書評20220516 「山尾悠子 サマのこと」
#山尾悠子 #仮面物語〈或いは鏡の王国の記〉
1980年2月29日 第1刷 徳間書店
270頁 980円
0093-121915-5220
編集者 芦沢孝作 装幀 山岸義明
解説 荒巻義雄
著者来歴
昭和48年同志社大学文学部入学
SFマガジン第三回SFコンテストに応募「仮面舞踏会」20歳
同誌昭和50年11月号に掲載
大学卒業後、山陽放送テレビ制作美術部に就職しつつ同誌に短編発表
昭和53年 短編集「夢の棲む街」を早川文庫にて発表
昭和54年6月 山陽放送を退社 岡山県にて執筆活動に専念
「仮面物語」は作家専業後の初の長編書下ろしである
本作は初の長編でありながら 再版を本人が長らく辞退しており、現在ではかろうじて前半部を短編化した「ゴーレム」が国書刊行会の2001年刊の「山尾悠子作品集成」9680円を読むことができるのみである。

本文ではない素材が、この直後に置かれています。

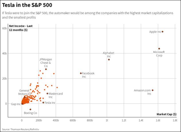 With a market capitalization of about $250 billion, Tesla would be among the most valuable companies ever added to the S&P 500, larger than 95% of the index’s existing components. It would have a major impact on investment funds that track the index.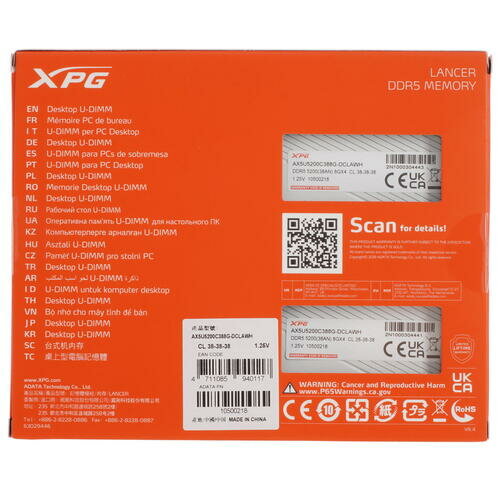 Модуль памяти ADATA 16GB (2 x 8Gb) DDR5 UDIMM XPG LANCER 5200 MHz CL38-38-38 1.25V Белый Радиатор (AX5U5200C388G-DCLAWH)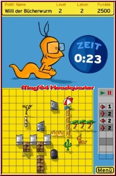 Der wohl lohnendste Blick ist jener, den man in den „Quiz-Dschungel" wirft: Im Multiple-Choice-Verfahren trefft Ihr hier auf leichte – oft auch recht happige – Fragen, die es zu beantworten gilt. Vor allem die Herkunft von Wortbedeutungen wird abgefragt, häufig hilft dann nur noch ein klärender Blick in das nächste etymologische Lexikon. Weiter geht es in der „Logik-Wüste". Dort verhelft Ihr dem Bücherwurm Willi dazu, zu seinem Sonnenschirm zu gelangen, der sich neben einem Wasserloch befindet. Hierzu setzt Ihr Pfeil-Icons in korrekter Abhängigkeit auf ein kariertes Spielfeld, um den Wurm den richtigen Weg laufen zu lassen. Diverse Rampen, Löcher, Schranken oder Tore versperren Euch den Weg und müssen zunächst überwunden werden. Was hat das allerdings mit dem Titel „Der Dativ ist dem Genitiv sein Tod" zu tun? Diese Frage steht noch immer im Raum und wird auch beim nächsten Gameplay-Element kaum geklärt werden.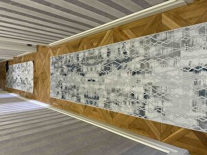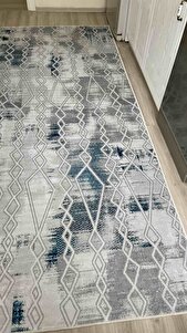 Modern Desenli Beyaz Gri Mavi Yıkanabilir Kaymaz Taban Kadife Yolluk Koridor Halısı 7018 Modern Desenli Beyaz Gri Mavi Yıkanabilir Kaymaz Taban Kadife Yolluk Koridor Halısı 7018 160 x 230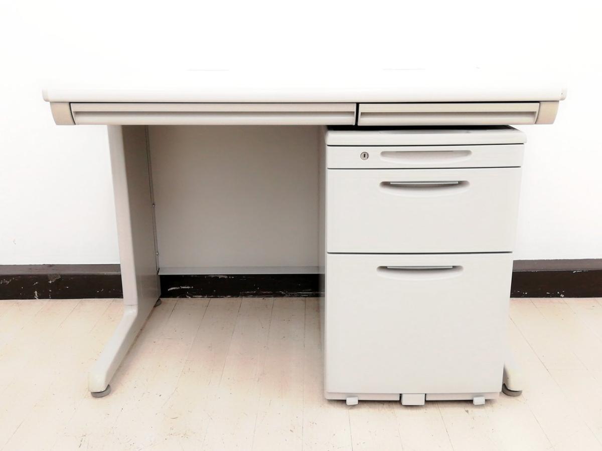 【カギ作成可能!】【コンパクトでスタンダード!使いやすい引き出し付きデスク!】■オカムラ(okamura)製 SD-Vシリーズ 平机+ワゴンセット(片袖机) 引き出し付き W1000㎜ ■ライトグレー ※ワゴンは在庫状況によって変動致します。【入替セールにつき20%OFF!】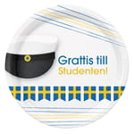 Servetter i papper med studentmotiv, svenskt mönster och texten Grattis Till Studenten. Trelagerskvalitet för bättre absorption. Förpackningen innehåller ett flak om tjugo stycken, idealiska student servetter till din studentdukning.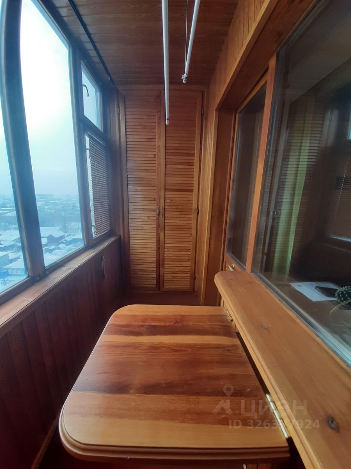 Балкон обшит деревом и застеклен. На нем очень удобный шкаф для хозяйственной необходимости.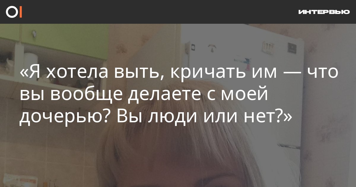 Потом 16-го числа был суд, дали арест. Я когда на апелляционном суде увидела по видеосвязи, в каком она состоянии, я пришла в ужас. Я просто хотела встать, выть, кричать им — что вы вообще делаете с моей дочерью? Вы люди или нет?

古書相場では垂涎の希少本として出品されれば数万円の価格がつくが即売されてしまうのが常態だそうだ。
その位置付けは1982年に同様に数百部のみ配本された唯一の歌集『角砂糖の日』と同様で、この2冊が山尾悠子史の伝説の幻想作家の確立に寄与していたことは
間違いないと思う(自分もその一下僕の一人である・・・)
この物語を読むためには上記のようにオークション争奪戦に参加するか、
地方の図書館の閉架書庫に眠る彼女を誘い出すしかなかった
がしかし 最近の山尾悠子史の活動再開、Twitterの投稿を追うと件の歌集に続き、漸く再版復刊のモードが史の中で高まりつつあるらしい。
なんという朗報!
きっとその際は、補筆、新エピソードの追加などいただけるでしょうし、出版社編集者の気合充分な新装幀に間違いなく成るはずだ、
その艶姿は今から楽しみでしょうがないのであります。